What is English as a Lingua Franca?
English as a Lingua Franca (ELF) refers to the use of English as a medium of communication between peoples of different languages. We include as potential ELF users both those who speak English as an additional language and those who speak English (in any of its social, regional and national varieties) as their main language. So, if you are speaking English with another student who speaks English as an additional language, whether or not English is your main language, you are both using ELF (VOICE/FAQ 2009).
ELF has been studied by linguists interested in how its grammar, vocabulary and pronunciation is different from other varieties of English (Seidlhofer 2005).

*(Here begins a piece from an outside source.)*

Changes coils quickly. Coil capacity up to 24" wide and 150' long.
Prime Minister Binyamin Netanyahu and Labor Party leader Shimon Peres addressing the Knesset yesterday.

Other linguists have focussed on ELF as a process, rather than a product; noticing how speakers in multilingual situations are able to monitor each other's response and work out the grammar, vocabulary, pronunciation, rate of speaking, volume, gestures, eye contact and so on that help communicate the messages needed to achieve a specific task (Smith 1983, Canagarajah 2007). Process-oriented ELF analysts are interested in how speakers monitor and adjust their language to meet their needs and the needs of the task they are engaged in.
If you have grown up speaking English, shouldn't ELF be easy?
A number of linguists have suggested that this isn't necessarily the case (Graddol 2006, Rajagopalan 2004, Smith 1983). If English is your only language, you may not have had much practice in thinking about and trying to avoid the grammar, vocabulary and pronunciation that speakers of other languages may not be familiar with. If, however, you have grown up or lived in a multilingual community, or put a lot of effort into learning an additional language, you might have had more practice at monitoring and accommodating speakers of other languages and be better at ELF (Canagarajah 2007).